And then this association can come up overall, but it’s indeed it’s only relevant for a subgroup. And maybe, if you target the other groups can; it can be harmful to target this. Right. So we don’t know. And that’s why we wanted to show that we have to analyze the heterogeneity and not only say, oh, we see a particular global effect or p-value.

Right. And we can replicate it. Maybe that’s it. It’s not the end of the story. We have to look into subgroups more carefully, especially in diseases where we already know that we have phenotypic heterogeneity even, right?

Alice: Yes. And this brings also the question of how to find new markers or new targets because here in this example, the way you stratify is based on known risk factors. So you know what to look for and you know how to stratify. Sometimes there might be a differential effect between different subgroups that we don’t know about because we simply don’t know that the subgroups exist. Like we don’t know that something is a risk factor because it hasn’t been discovered yet.
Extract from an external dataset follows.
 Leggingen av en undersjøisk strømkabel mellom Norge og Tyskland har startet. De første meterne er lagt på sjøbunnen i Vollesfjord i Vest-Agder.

Gabi: So that was at the end of working on this paper exactly something that we cut out for the new analysis that we go away from known risk factors to a stratification using the metabolomics data. So I’m approaching things from the other end questioning whether we can use part of metabolomic status, specific metabolites, subgroup, individuals, and then in a second step, check whether we see associations with AD phenotypes and that’s something we are currently putting together in another publication where we use this approach of sub-grouping using the metabolomic state.

Alice: And this is one of the powers of metabolomics! Would you say that there is a similar kind of hope now with metabolomics there was with genomics because 20 years ago, genomics was going to solve biology, kind of, and there are lots of things that were found out and there are lots of things that are still being done with genomics, but there are lots of things that we now know don’t just rely on our genetic code or even how it’s regulated at the epigenomic level that there are things that happen directly at the metabolite level or that are visible later at the metabolite level. Do you see a new kind of hope coming from metabolomics?
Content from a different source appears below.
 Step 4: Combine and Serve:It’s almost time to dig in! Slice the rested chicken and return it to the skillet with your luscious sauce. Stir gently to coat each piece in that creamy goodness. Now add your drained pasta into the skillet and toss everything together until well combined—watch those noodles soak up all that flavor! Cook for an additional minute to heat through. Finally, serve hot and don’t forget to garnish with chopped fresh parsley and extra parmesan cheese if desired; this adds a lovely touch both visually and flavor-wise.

Gabi: Yes. I see the hope that we can get information on different parts of lifestyle and genetic influences that come together in an individual directly with one measurement that’s I think the promise and the hope of metabolomics. I think we are getting close to what makes it always very complicated is that we have this fluctuation of metabolism all the time. So anything will influence the metabolome. Be it what you ate two days ago, or whether you did a lot of exercise the week before it all will influence your current metabolome. I think there are two solutions. One is to have a good knowledge of this fluctuation. By looking into time resolved data. That’s another branch of the group where we are very interested in understanding when do we see which metabolites are affected by these things, which ones are not. To get a really good knowledge about this [time resolution] is one solution, in my opinion, the other good news is that even if we use metabolomics data from all these different points during the day and all these different challenges, like exercise, different types of nutrition, if you take it all together, we have seen that the metabolomes of an individual is a very stable thing. Even over years, we have shown that.

Not in each and every metabolite, but altogether people stay closer to themselves than to other people closer to yourself no matter what you do to your metabolism. The other thing that we saw in the analysis of bigger cohorts over years (and the changes over years) is when the whole metabolism changes dramatically in an individual: That’s a bad sign. That’s an alarm sign. Yes. And I think that is an argument for using metabolomics as a monitoring tool to see when things are disbalanced in a way that the individual body cannot cope with it anymore.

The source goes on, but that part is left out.